子供たちが、自分で読める!という自信を持つことができるのです。
ドクター・スースの本が一部廃刊に
2021年3月2日、ドクター・スースの絵本や作品の権利を管理している、ドクター・スース・エンタープライズ社(Dr. Seuss Enterprises)が、以下の6冊のドクター・スースの絵本を絶版(今後の出版を中止)にすると発表しました。
- “And to Think That I Saw It on Mulberry Street”(『マルベリーどおりのふしぎなできごと』)
- “If I Ran the Zoo”
- “McElligot’s Pool”
- “On Beyond Zebra!”
- “Scrambled Eggs Super!” (『おばけたまごのいりたまご』)
- “The Cat’s Quizzer”
“And to Think That I Saw It on Mulberry Street”(『マルベリーどおりのふしぎなできごと』)は、出版社から出版された初めての著書であり、長くアメリカでは愛されている本だったので、衝撃を受けたアメリカ人も多かったようです。
These books portray people in ways that are hurtful and wrong.
(本に登場する人物の描かれ方が中傷的であり適切でないため。
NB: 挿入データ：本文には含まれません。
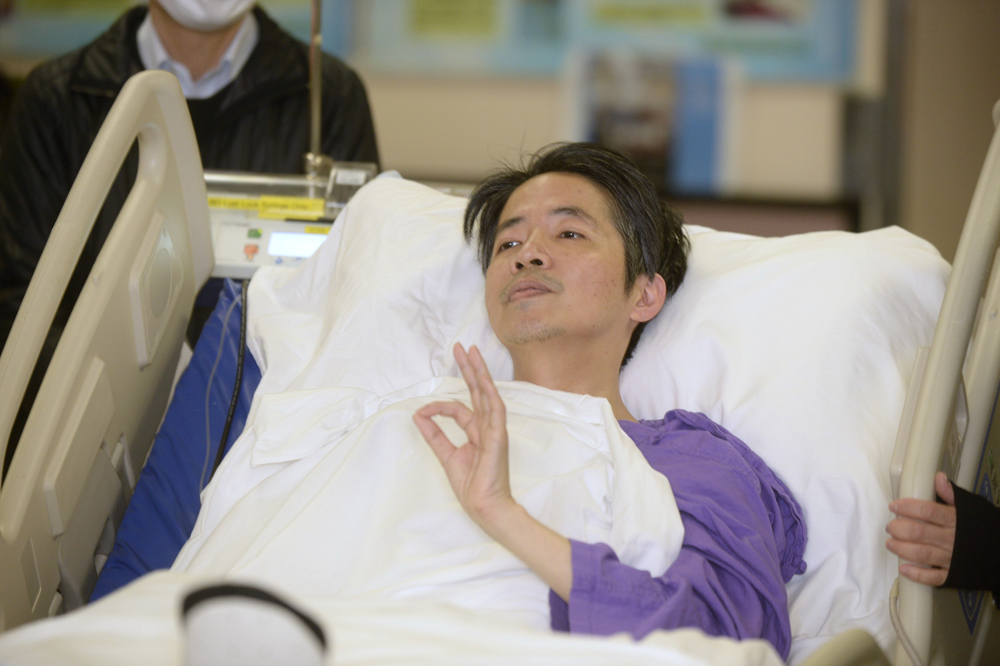 □遇襲受傷的《明報》前總編輯劉進圖情況進一步好轉,昨日已轉到私家病房留醫,並向傳媒展示「OK」手勢。劉進圖妻子陪同丈夫離開深切治療部時表示,丈夫的傷勢嚴重,復康療程將會非常漫長,但家人有信心面對,並多謝各界支持和關心,以及警方全力追捕兇徒。\大公報記者 區天海
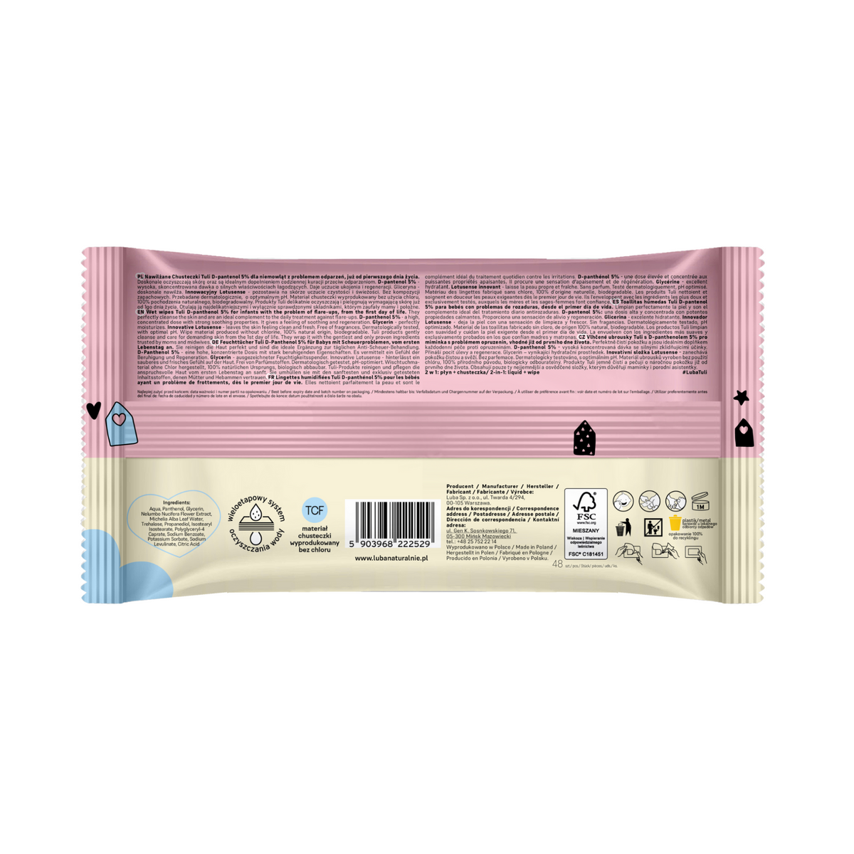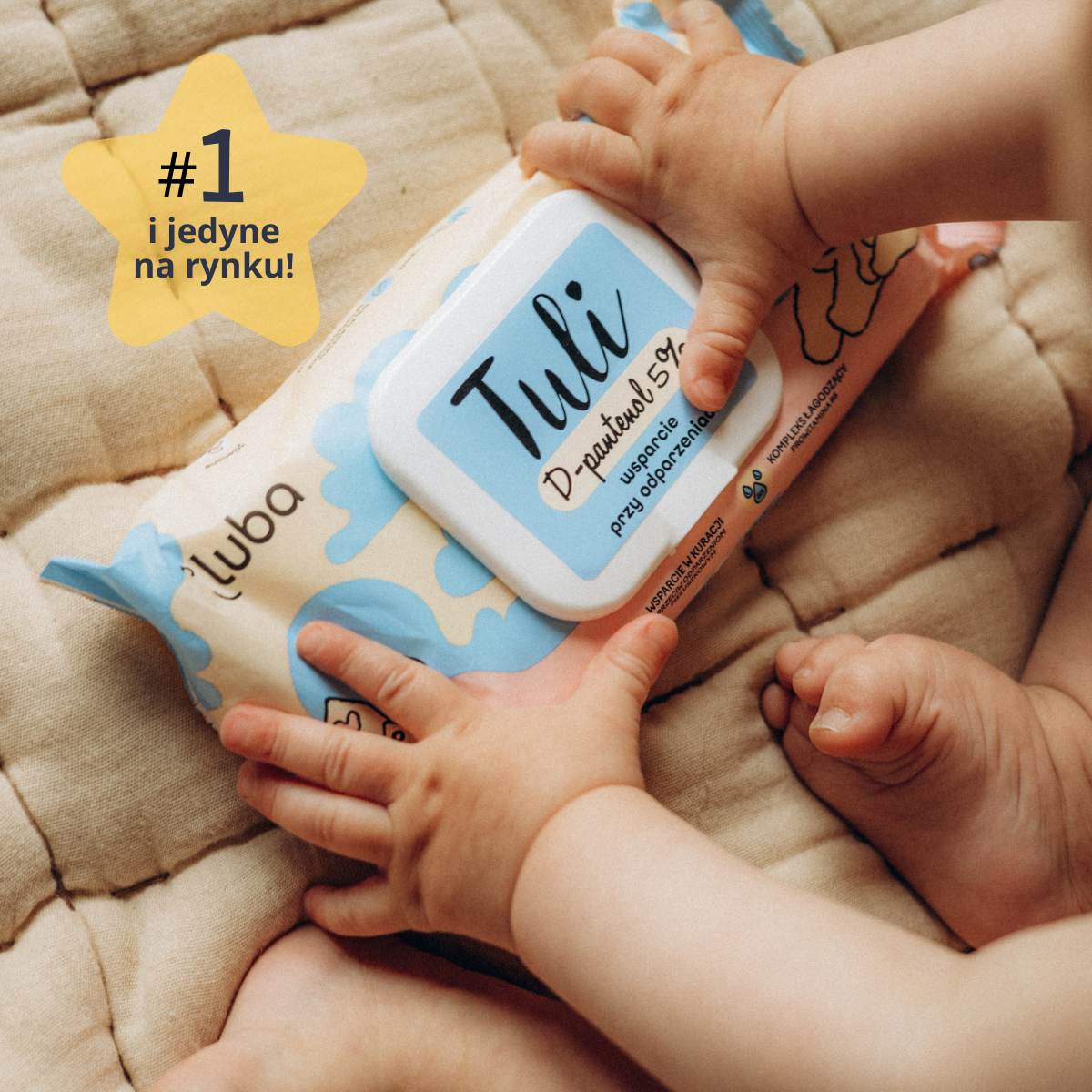 Tuli D-Panthenol are unique wipes containing a high concentration of 5% D-panthenol – a vitamin B5 derivative known for its moisturizing, restorative, and soothing properties. They are designed for the care of very delicate and problematic skin, providing relief from diaper rash, redness, and irritation.
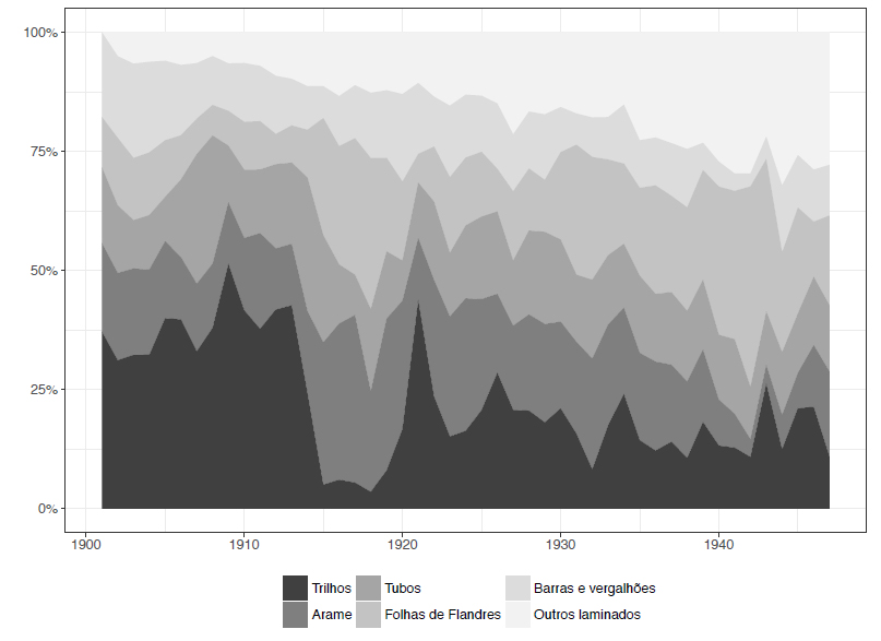 No entanto, ao longo do período em exame, a participação da importação de laminados com uso mais claramente industrial sistematicamente aumentou. Embora tenha continuado a ser muito relevante, a participação dos trilhos, por exemplo, reduziu-se significativamente, ficando abaixo dos 20% no final da década de 1930 (14% em média entre 1935 e 1939). Inversamente, aumentava a participação das importações de folhas de Flandres e sobretudo as de outros produtos laminados - compostos principalmente por chapas, lâminas e placas, mas também por perfis (cantoneiras, tês etc.), tiras e arcos. Assim, do ponto de vista do setor siderúrgico, o processo de desenvolvimento industrial em andamento no país não se manifestava tanto no volume global de produtos siderúrgicos demandado pela economia, mas sobretudo em alterações na composição da demanda. Portanto, a evolução da demanda ao longo do período correspondia a uma diversificação da sua composição com a manutenção da dimensão agregada, quantitativa, do mercado.

)
対象となる6冊は、人種差別的な描写があるという理由から絶版が決まりました。
例えば、”And to Think That I Saw It on Mulberry Street”では、”A Chinese man Who eats with sticks”という文言とともに、目が線のように細く描かれた人が、お箸とお碗を持って走っている絵が出てきます。
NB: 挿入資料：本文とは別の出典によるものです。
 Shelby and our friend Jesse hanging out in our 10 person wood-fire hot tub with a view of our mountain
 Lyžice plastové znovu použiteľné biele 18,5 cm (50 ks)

1979年に改定されるまでは、Chinese manは、Chinamanという記載で、顔は真黄色の色でした。
このような描写が、非常にステレオタイプであり、人種差別的であるという批判が昔から多くあったようです。
ちなみに、この中国人の絵は、キン肉マンでいうとラーメンマンのような絵です。
今の時代ではラーメンマンも問題視されるということかと思います。
ドクター・スースが有名になる前には、もっと極端に人種の特徴を描いた、明らかに人種差別的な絵や文章を書いている時もあったようです。
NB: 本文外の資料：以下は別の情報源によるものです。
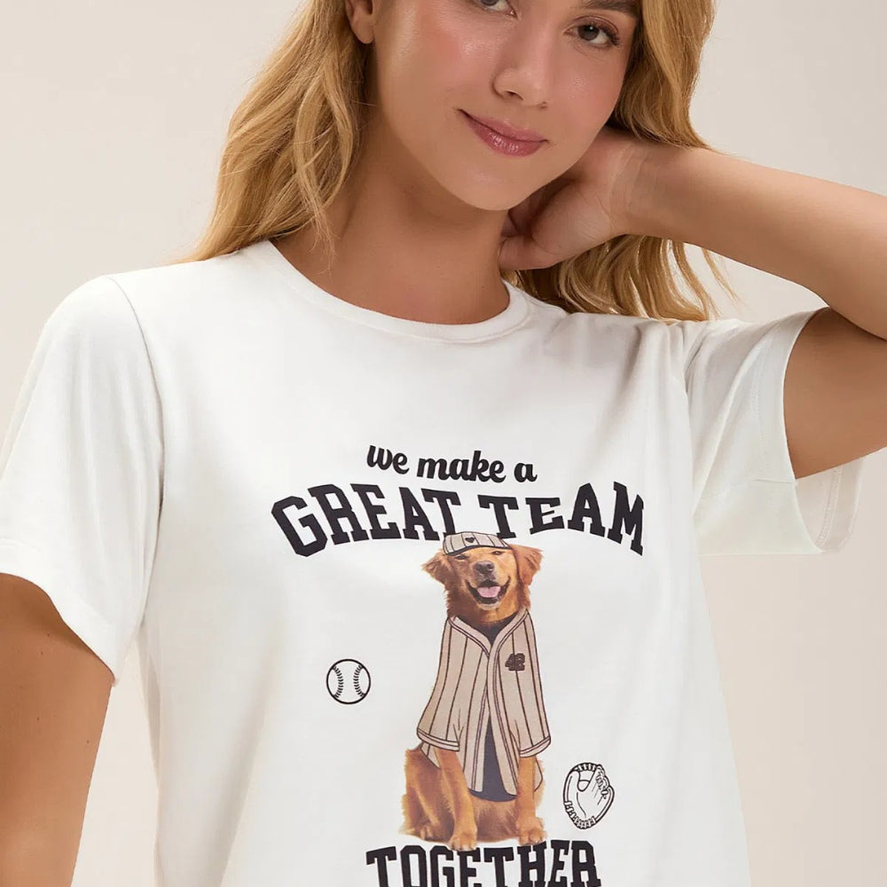 Pijama manga curta com shorts em malha comfort, perfeito para noites descontraídas com um toque divertido. A blusa tem fundo off white e estampa localizada no centro do peito de um simpático golden retriever vestido com uniforme de beisebol, acompanhada da frase “We make a great team together” — traduzida como "Nós formamos um ótimo time juntos". Já o shorts traz fundo azul marinho com estampa rotativa de listras off white, cós com elástico confortável e detalhe de falso amarrador em cadarço de algodão azul marinho, garantindo charme e praticidade.
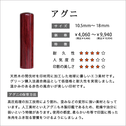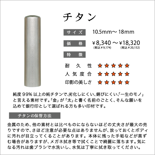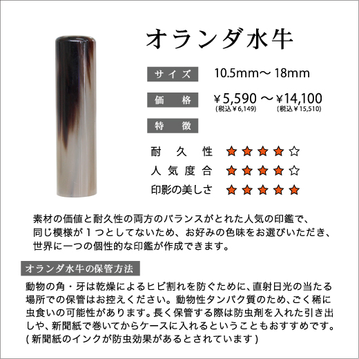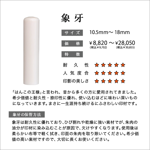 実印・銀行印はお手頃な木製の素材から耐久性に優れた素材まで各種取り揃えております。

第二次世界大戦を生きたという時代背景もあり、日本人に対してもJap、というような差別的な発言をしていた時期もあったようです。
おすすめのドクター・スース絵本、8選
Hop on Pop
一番初めに読むドクター・スースの本としておすすめ。
とても簡単!ドクター・スースの本は割と長い文章が多いですが、こちらは短いです。
1歳くらいからの読み聞かせにもぴったり。
3歳頃からは自分で読むことができる絵本です。
The Foot Book
こちらも短めで簡単。
足が沢山ある動物など、絵を見ているだけでも楽しく、数や色に関する言葉も学べます。
Ten Apples Up On Top!
りんごの季節(秋頃)には、学校でもよく読まれる本。
動物たちがりんごをどんどん頭にのせていきます。
この本を読んだあと、長男の学校では、実際にりんごを何個まで頭に乗せられるか、みんなで競争したそうです。
Cat In The Hat
ドクター・スースで一番有名な本。
3歳くらいからの読み聞かせに向いています。
5歳頃からは、自分で読むことができるくらいのレベルです。
ヘンテコな”Trick”をするネコ、大暴れする”Thing 1,””Thing 2″、リズミカルな文章が子供の心を掴むようです。
多くの子供たちが、ドクター・スースを好きになるきっかけにもなる本だと思います。
Green Eggs and Ham
Sam I amが繰り広げる、ヘンテコなストーリー。
意味不明なストーリが面白いらしく、子供たちは爆笑しながら読んでいました。
Fox in Socks
英語がネイティブでない私にとっては、読むのが大変な一冊。
舌が絡まりそうになるくらい、韻を踏む単語のオンパレードです。
キンダーガーデンでも読んできたようで、一部ですが長男は暗唱していました。
There’s No Place Like Space!
初歩的な宇宙の情報を学ぶのにはぴったりのドクター・スース。
息子が通っている学校では、セカンドグレイド(2年生)になると太陽系を暗唱するようなので、その時期に読むのも良いかもしれません。
Wacky Wednesday
朝、少年が目を覚ますと、壁に靴が!
家の中でも、外でも、学校でも、”Wacky”(いつもと違ってヘンテコ)なことがたくさん!
間違い探しのように、どんどん増えていくWackyなことを見つけるのが楽しい絵本です。
まとめ
今日は、人種差別的であるという理由で6冊が絶版に!それでも愛されるドクター・スースの絵本 についてご紹介しました。
アメリカの学校でも長く愛されてきたドクター・スースの絵本。
読んでいると楽しくなるリズミカルな文章と、少しヘンテコな面白いストーリーが人気の秘密です。
図書館や本屋さんでは、必ずと言っていいほど、ドクター・スースコーナーがあるほど人気がありますが、人種差別的である、子供たちに間違った印象を与えてしまうというような理由で、一部の絵本の絶版が決まりました。
確かに、ドクター・スースの過去作や発言を知ると、複雑な思いになります。
それでも、ドクター・スースの絵本が、子どもたちにたくさんの笑顔を届けてくれる、素晴らしいものであることに変わりありません。
子どもに本を読む楽しさを教えてくれるドクター・スースの絵本、一度、手にとってみてはいかがでしょうか。